* **Problem to work on**
Repeat only the lines between the one with "finish Assembly required" and the end of the material below, both ends included. Omit any picture.

* **Data block**
------------------------

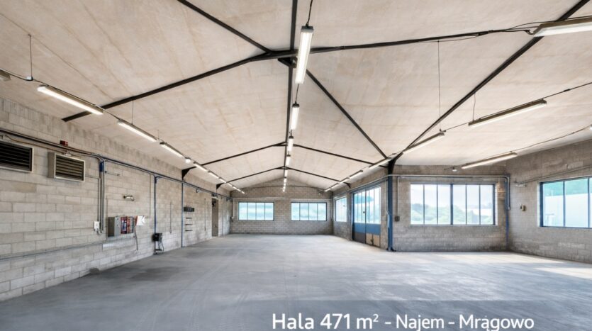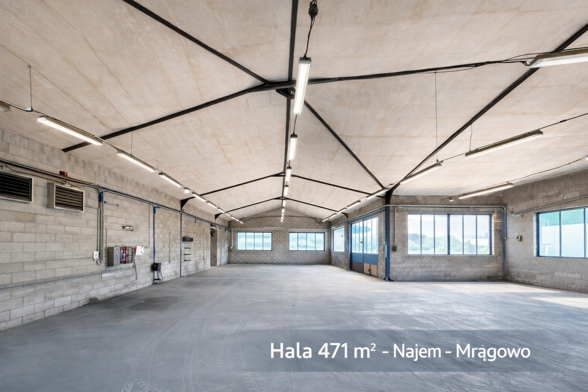Do wynajęcia hala produkcyjno-magazynowa o powierzchni 471 m² zlokalizowana przy ul. Giżyckiej 9 w Mrągowo.
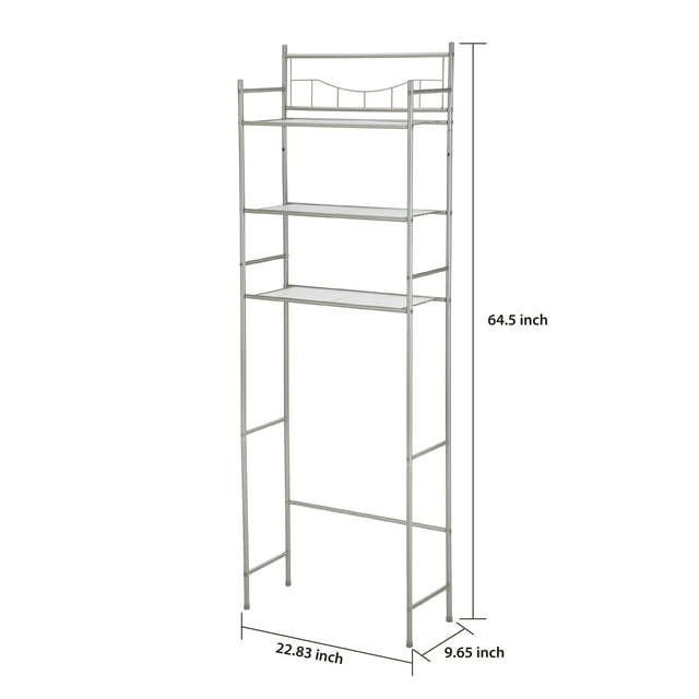 Product details Dimensions: 22.83"L x 9.65"W x 64.5"H Bathroom space saver with 3 shelves Fits over most standard toilets Holds up to 10 lbs. per shelf Ideal for adding additional storage and contemporary design to your bathroom Bottom shelf is 36.96" from the floor Stabilizer bar is 10.59" from the floor Distance between each shelf is 9" Satin Nickel finish Assembly required
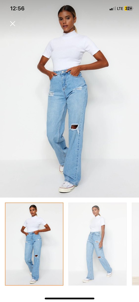 Açık mavi kot pantolon, rahat kesim ve midi boyda, hafif yırtık detaylarla günlük sokak stili için uygundur. Rahat ve şık bir görünüm sunar.

------------------------

* **Answer for the task**
 Product details Dimensions: 22.83"L x 9.65"W x 64.5"H Bathroom space saver with 3 shelves Fits over most standard toilets Holds up to 10 lbs. per shelf Ideal for adding additional storage and contemporary design to your bathroom Bottom shelf is 36.96" from the floor Stabilizer bar is 10.59" from the floor Distance between each shelf is 9" Satin Nickel finish Assembly required
 Açık mavi kot pantolon, rahat kesim ve midi boyda, hafif yırtık detaylarla günlük sokak stili için uygundur. Rahat ve şık bir görünüm sunar.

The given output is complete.